Years ago, people who were allergic to eggs were given blanket advice to avoid getting the flu shot, which is manufactured using an egg-based process.

Today, the influenza vaccine is widely regarded as safe even for patients with egg allergies. But specialists still routinely get referrals from doctors who aren’t sure if their clients should get the shot, said Dr. Mariam Hanna, a pediatric allergist and immunologist in Burlington, Ont.

Hanna uses this as an analogy for the referrals she is now getting from doctors with patients who have concerns about allergies to ingredients in the three COVID-19 vaccines being administered in Canada.

Patients can have an allergic reaction to polyethylene glycol (PEG), for example, a component of both the Pfizer-BioNTech and Moderna mRNA shots, “and in many cases can still tolerate the vaccine,” she said.

Canada’s National Advisory Committee on Immunization says patients with a suspected but not proven allergy to PEG can get a COVID-19 vaccine, but says the vaccines “should not be routinely offered to individuals who are allergic to any component of the specific COVID-19 vaccine or its container.”

Dr. Mariam Hanna is the Ontario Medical Association section chair for the specialty of allergy and clinical immunology. (CBC)

Yet Hanna said patients with a confirmed allergy to PEG are still able to get the vaccine while under supervision from an allergist, who may choose to administer it through multiple smaller doses or instead offer a non-mRNA vaccine.

“We shouldn’t really have a blanket … exemption and [have] nothing that we can offer you. No, at this day and age, the allergists are able to intervene, offer some options,” she said.

In Manitoba, about 15-25 per cent of referrals to the allergy clinic at the Health Sciences Centre are for patients who haven’t had their first dose of a COVID-19 vaccine, said Dr. Lana Rosenfield, an allergist and clinical immunologist.

“We have been receiving a large amount of consultation for people who are concerned about, have had a reaction to the first dose of the vaccine or even now getting people who’ve had reactions to a second dose,” she said.

But Rosenfield, like Hanna, said virtually every patient she sees is given the green light to get the shot.

“There are some very rare types of non-typical allergies that might be a reason to not get the vaccine. We maybe have seen one as a group, but overall — in terms of anaphylaxis, severe kind of immediate reaction to vaccine, kind of delayed rashes, delayed hives, all of those patients — we have the ability to give them the vaccine,” she said.

714 reported adverse effects

The Manitoba government said as of Aug. 22, there have been 714 reports of adverse effects from COVID-19 vaccines.
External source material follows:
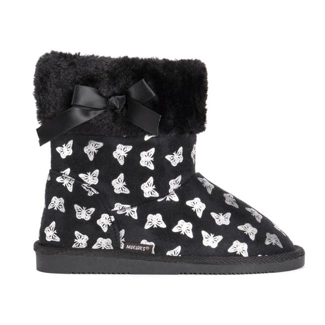 Muk Luks 0015021001-2 Girls Madison Butterfly Boots, Black & Butterfly - Size 2

There appears to be an increased risk of myocarditis (inflammation of the heart muscles) occurring within seven days of a patient getting a second dose of an mRNA vaccine — among 12- to 29-year-old males and 20- to 29-year-old females — a spokesperson for Manitoba’s vaccine task force said. As of Aug. 15, the province had received 14 reports of the illness.

The task force also said it has received three reports of patients getting a blood clot after receiving the AstraZeneca-Oxford vaccine.

Some must wait months

Concerns about getting an allergic reaction to a vaccine component are not the only medical reason that a patient may have for not getting the shot, whether approved by a specialist or not.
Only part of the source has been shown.